Paying teachers what they’re actually worth. And by that I mean not just paying them more (although that’s part of it); I mean acknowledging that the market for teachers treats as equivalent jobs that really aren’t. Is the candidate pool for a math position at a high school where most children are years behind the same as the candidate pool for a first-grade teacher at a high-performing school? Of course not. But if those schools are in the same district, then odds are that those jobs would be listed for the same salary. There’s a reason we’ve had the exact same teacher shortages for decades, and it’s that we’re systematically paying too little for certain teaching roles relative to others.
“School choice” debates are often framed as a tug-of-war between traditional public schools and some combination of charters or vouchers. But that frame is far too narrow, and has emerged only because district boundaries – and attendance boundaries within districts – have been far too limiting on family choice. And where inter-district choice programs have emerged they’ve too often been an escape hatch for wealthy families, not a real strategy for helping the students who need it most. Rethinking the meaning of political lines and the incentive structures of choice would give families more options to help their children succeed.
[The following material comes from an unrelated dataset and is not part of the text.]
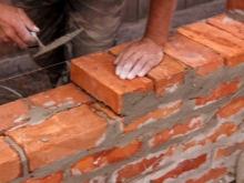 Võib kasutada kergmüüritist. Alustage seinu nurkadest. Kõigepealt aseta esimesed 6 rida nurkadesse. Kõikide ridade äärde on pingutatud nöör. On vaja mässida naelad, mis pannakse telliskivide vahelistesse vuukidesse - nii määratakse müüritise tasasus. Sokkel peaks olema valmistatud täismassist, seinad õõnsatest tellistest.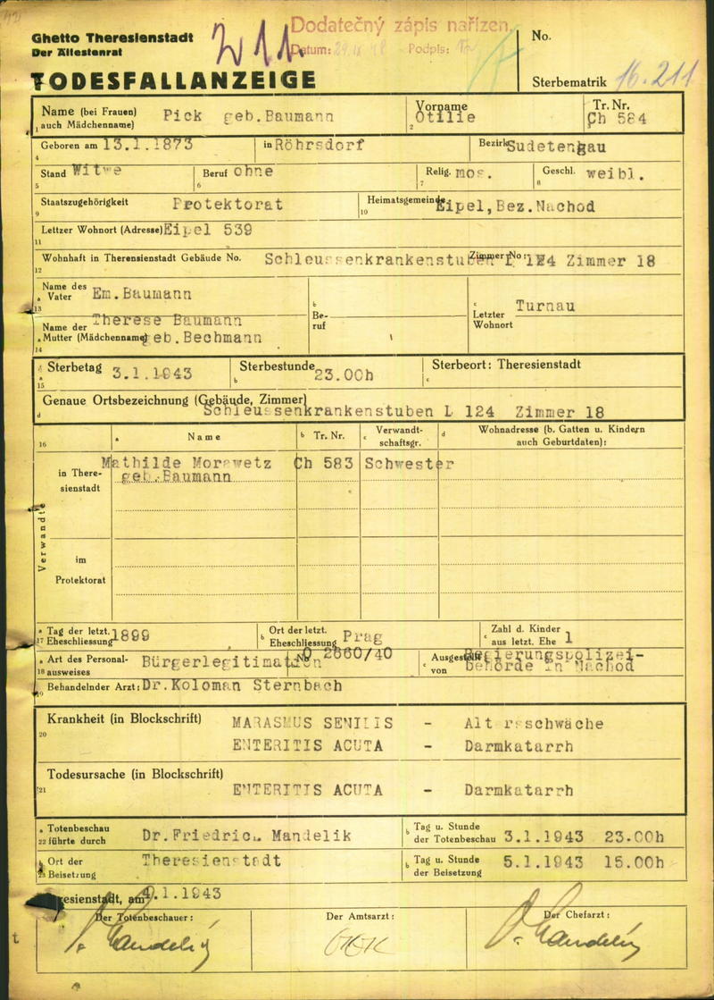 Picková Otilie: Oznámení o úmrtí, ghetto Terezín

As I said, these proposals aren’t inspired by the NAEP results, nor are they focused on the needs of the cohorts included in the most recent NAEP scores. But to some degree they’re inspired by moments like these, when various factions within the education community push for their preferred solutions. My goal in writing the book was to try to find some areas of potential agreement among politicians and pundits who think they’re on opposing sides of these issues (and many others). Because of those historical divides, political moments like these have a tendency to produce activities that are reflexive and cosmetic, rather than thoughtful and systemic. My hope is that at least some of the energy we’re seeing now will be directed toward longer-term solutions – and that if the issues addressed in my book end up on the table, I hope that its recommendations will prove useful.
Elliot Regenstein is a partner at Foresight Law + Policy.